Axionlike particle searches in short-baseline liquid scintillator neutrino detectors
D. Aristizabal Sierra, L. Duque, O. Miranda, H. Nunokawa
TL;DR
This work investigates axionlike particle (ALP) searches in short-baseline, large liquid scintillator detectors such as JUNO-TAO and CLOUD, focusing on couplings to photons ($g_{a\gamma\gamma}$) and electrons ($g_{aee}$). By analyzing ALP production in reactors via Primakoff-like and Compton-like processes and their detection through inverse processes and decays, the authors identify distinctive prompt-delayed photon and recoil signatures that could enable strong background discrimination. Sensitivity projections show that, with efficient background suppression, these detectors can probe previously unexplored regions, including the cosmological triangle and MeV-mass ALPs, with particularly notable gains for electron-coupled ALPs. The study highlights the potential of enhanced time-resolution (e.g., in CLOUD) to substantially broaden discovery reach and complements existing ALP searches across astrophysical and laboratory constraints.
Abstract
Short-baseline reactor neutrino experiments using large organic liquid scintillator detectors provide an experimentally rich environment for precise neutrino physics. Neutrino detection is done through inverse beta decay and relies on prompt and delayed signals, which enable powerful background discrimination. In addition to their neutrino program, they offer an ideal experimental environment for other physics searches. Here we discuss the case of axionlike particles (ALPs) produced by either Primakoff-like or Compton-like processes. Their detection relies on the corresponding inverse processes, axio-electric absorption and ALP decays to photon or electron pairs.

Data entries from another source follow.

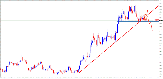 技术点评:D1周期中,受基本面因素影响,晚间金价跌破上升趋势线,当前正测试水平支撑带。
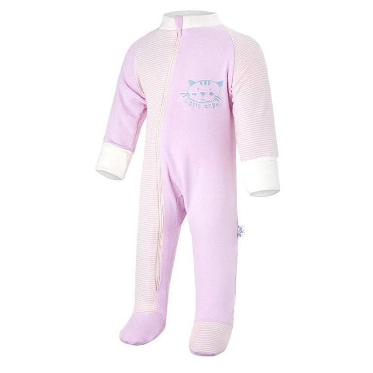 Pohodlný dětský overal je střižen ze slušivé kombinace dvou vzhledově rozdílných materiálů - jedné barvy a módních pruhů. Overal má dupačkové nohavice a u krku je zakončen stojáčkem. Rukávy jsou dlouhé a mají široké náplety, které můžete v případě potřeby ohrnout a upravit tak délku rukávů podle aktuální potřeby. Overal se zapíná na dlouhý zip, který usnadní oblékání. Po zapnutí lze jezdec zipu schovat do speciální krytky pod bradou, a zabránit tak otlačení brady. Přední stranu overalu zdobí potisk s motivem zvířátka. Overal má uvnitř nažehlené etikety, které netlačí a nadráždí jemnou dětskou pokožku.
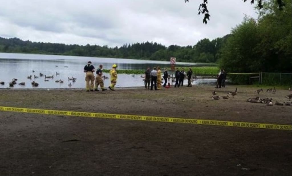 I stepped closer, and then a little closer, looking up and down, trying to avoid the green and white duck shit at my feet. I could see where the officer was standing; she was looking down at something just a few feet into the water beside the bushes. She was looking down at a pair of old boots that were sticking heel up out of the water. I looked a little closer and saw a pair of legs in those boots.

Assuming experimental parameter values broadly representative of JUNO-TAO or CLOUD we show that scattering ALP processes involve a prompt photon signal component followed by a delayed photon signal about 5 ns after. We point out that if these signals can be resolved, this might allow for efficient ALP signal discrimination against radioactive background. Likewise, coincident events from ALP decays and scintillation light followed by Auger electrons from axio-electric absorption might as well allow for background discrimination. We determine sensitivities in both the nuclear and electron channels using as a benchmark case an experimental setup resembling that of the CLOUD or JUNO-TAO detectors. Our findings demonstrate that with efficient background discrimination these type of technology has the capability to test regions in parameter space not yet explored. In particular, the cosmological triangle can be fully tested and regions of MeV ALP masses with ALP-electron couplings of the order of $10^{-8}$ can be entirely explored.